In the present studies we have examined the effects of a new calcium channel blocker, LY393615 ((N-Butyl-[5,5-bis-(4-fluorophenyl)tetrahydrofuran-2-yl]methylamine hydrochloride, NCC1048) in a model of hypoxia–hypoglycaemia in vitro and in a gerbil model of global and in two rat models of focal cerebral ischaemia in vivo. Results indicated that LY393615 protected against hypoxia–hypoglycaemic insults in brain slices and also provided significant protection against ischaemia-induced hippocampal damage in gerbil global cerebral ischaemia when dosed at 10, 12.5 (P<0.05) or 15 mg/kg i.p. (P<0.01) 30 min before and 2 h 30 min after occlusion. The compound penetrated the brain well after a 15 mg/kg i.p. dose and had a half-life of 2.5 h. In further studies LY393615 was protective 1 h post-occlusion when administered at 15 mg/kg i.p. followed by 2 doses of 5 mg/kg i.p. 2 and 3 h later.

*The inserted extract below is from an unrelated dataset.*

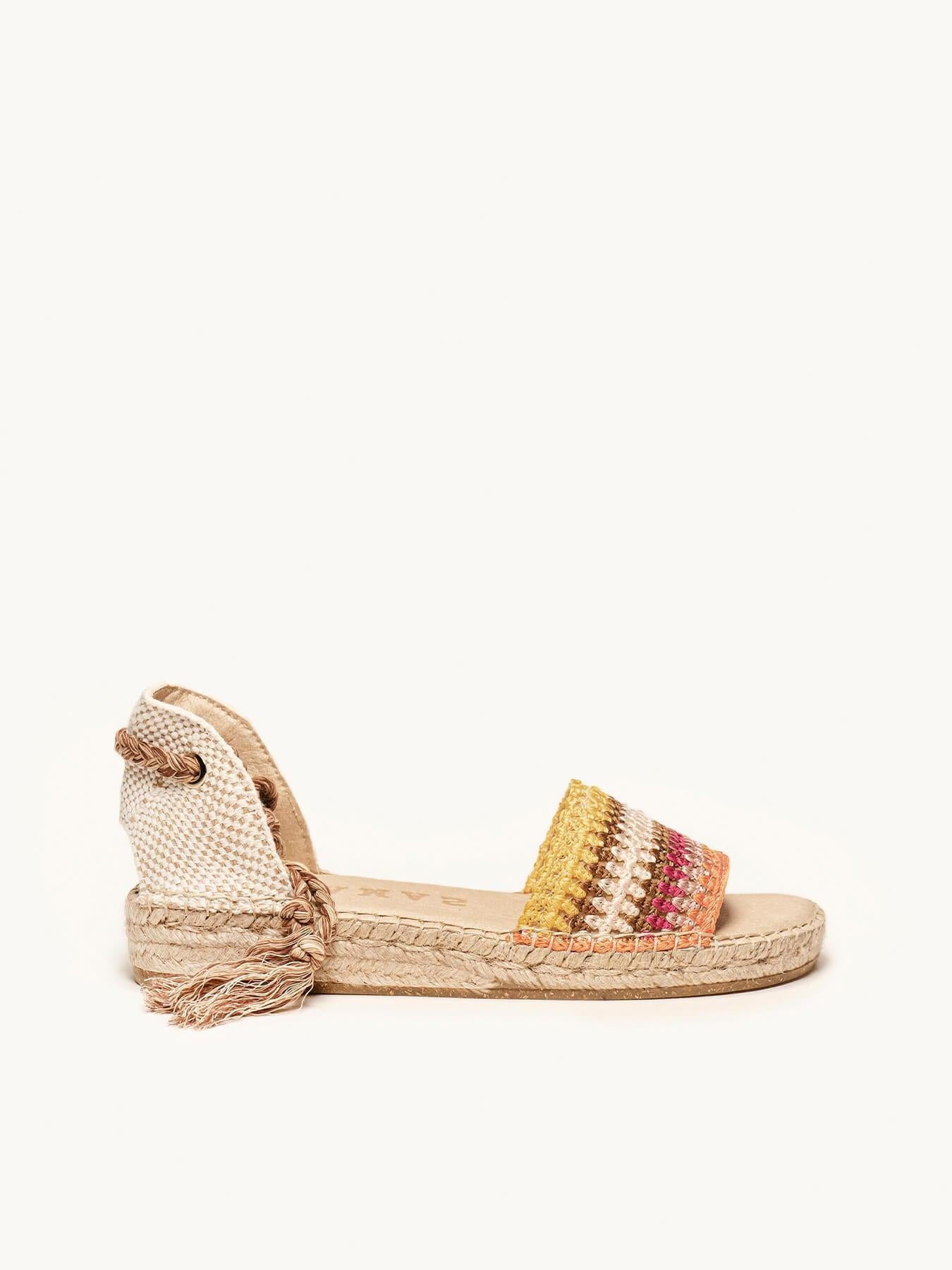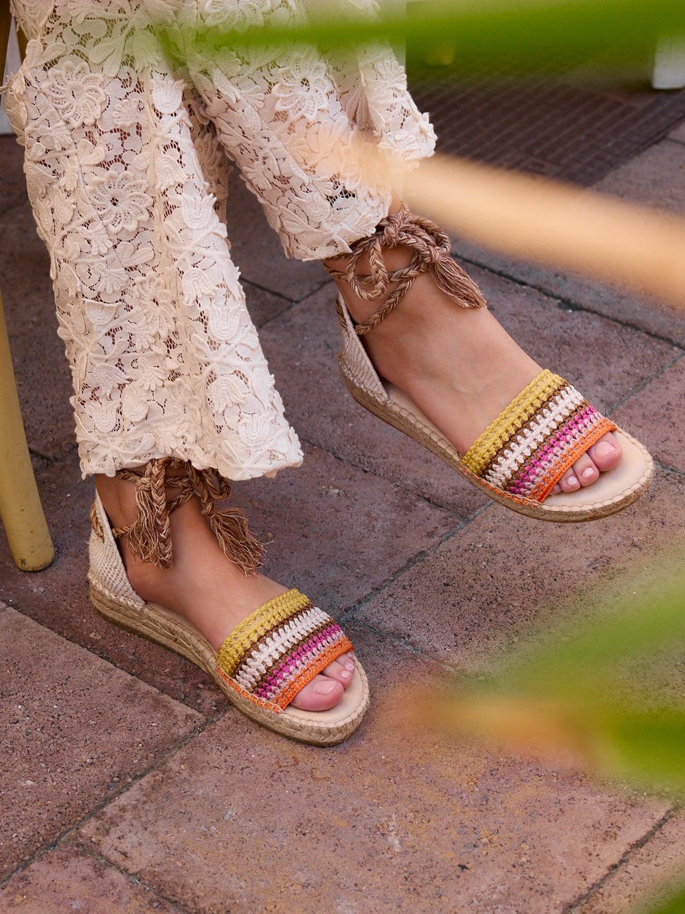 La alpargata plana Aulaga, es uno de nuestros modelos más románticos. Nuestra alpargata sandalia con cintas es un modelo muy versátil, ideal para el día a día y también para darle un toque muy chic a los looks más especiales. Unas alpargatas de volantes con cintas muy especiales ya que podrás atarlas de diversas formas.

LY393615 dosed at 15 mg/kg i.p. followed by 2 further doses of 5 mg/kg i.p. (2 and 3 h later) also produced a significant reduction in the infarct volume following Endothelin-1 (Et-1) middle cerebral artery occlusion in the rat when administration was initiated immediately (P<0.01) or 1 h (P<0.05) after occlusion. The compound was also evaluated in the intraluminal monofilament model of focal ischaemia. The animals had the middle cerebral artery occluded for 2 h, and 15 min after reperfusion LY393615 was administered at 15 mg/kg i.p. followed by 2 mg/kg/h i.v. infusion for 6 h. There was no reduction in infarct volume using this dosing protocol. In conclusion, in the present studies we have reported that a novel calcium channel blocker, LY393615, with good bioavailability protects against neuronal damage caused by hypoxia–hypoglycaemia in vitro and both global and focal cerebral ischaemia in vivo. The compound is neuroprotective when administered post-occlusion and may therefore be a useful anti-ischaemic agent.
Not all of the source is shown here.